Practical compact fusion reactor proposed by MIT
The tokamak fusion reactor design uses a magnetic field to contain hot fusion fuel in the form of plasma within a donut-shaped vessel. While not in itself a new approach, the researchers say that advances in magnet technology have enabled them to develop a practical tokamak reactor design – called ARC – that is both smaller and less-expensive than much larger reactors.
Key to the design are new commercially available second-generation superconductors that make it possible to produce a stronger magnetic field to contain the super-hot plasma in a much smaller volume than those previously proposed. In this case the enabling technology is rare-earth barium copper oxide (REBCO) superconducting tapes, which would be used to create the reactor’s high-magnetic-field coils.

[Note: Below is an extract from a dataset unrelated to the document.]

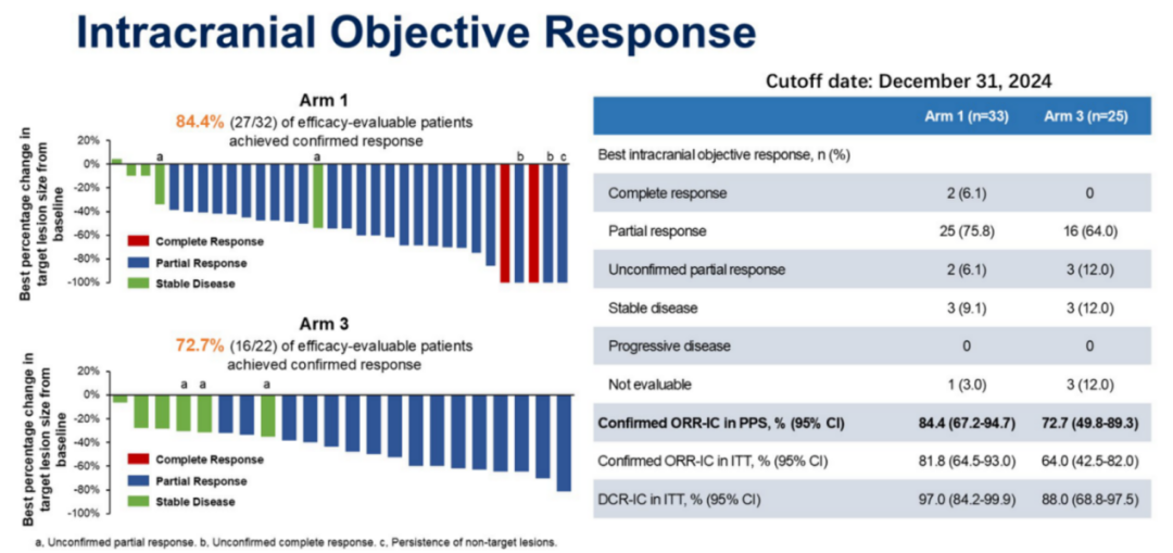 截至2024年12月31日,研究结果显示:Arm 1组确认的颅内ORR为84.4%(27/32);Arm 3组颅内ORR为72.7%(16/22)。两组的颅内ORR与总ORR疗效相似,所有患者颅内疾病控制效果较好。Arm 1组中位无进展生存期(PFS)为13.2个月(95%CI:10.0-15.4),Arm 3组的PFS尚未成熟。
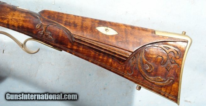 Description: VERY FINE RICHARD FEOLA (STUDENT OF WALLACE GUSLER) CONTEMPORARY PENNSYLVANIA OR KENTUCKY FLINTLOCK RELIEF CARVED .45 CAL LONGRIFLE OR LONG RIFLE. Signed on top of barrel “R.T. Feola – 1985-1990”, obviously the time period it took him to complete rifle which is understandable considering how much effort and care was taken. Heavy relief carving throughout with ornate cheekpiece and bone inlays. One bone inlay is the escutcheon plate on top of wrist with an “F” for Feola. Richard Feola was a student of Wallace Gusler of Williamsburg fame. 36” octagonal barrel with mint bore and 8 groove rifling. Hand forged rear sight and iron and brass front half-blade with white insert sandwiched in between two iron blades(intricate). Tiger maple stock with brass hardware and brass sling swivels. Ornate hand made brass patchbox with release button on top of buttplate and brass toe plate with rear sling swivel. Touchhole with removable sleeve/insert (slotted for easy removal). Single trigger. Dimensions are more along the lines of a slightly scaled down Pa. longrifle with 50 ½” overall length, 13 5/8” length of pull weighing 7lbs so possibly for a lady or youth or just a small brush gun. Make a fun white-tail flintlock. All metal rust browned except trigger spine and frizzen spring. SOLD |

According to the researchers, the new superconductors can increase fusion power by "about a factor of 10" compared to a reactor using standard superconducting technology, such as the large ITER Tokamak fusion project currently underway in France. The MIT team estimates that their ARC design would be about half the diameter of ITER while producing the same amount of power, and be less expensive and quicker to build.
Currently the new proposed design is estimated to be capable of producing about three times as much electricity as is needed to keep it running, but that amount could likely be optimized further to as much as five or six times. According to the researchers, this net energy production presents a major breakthrough in fusion reactor research, as up to now no fusion reactor has produced as much energy as it consumes.
The proposed design could produce a reactor that could provide electricity to about 100,000 people, say the researchers, and reactors of similar complexity and size have been built within about five years. For more, see their paper in the journal Fusion Engineering and Design: "ARC: A compact, high-field, fusion nuclear science facility and demonstration power plant with demountable magnets."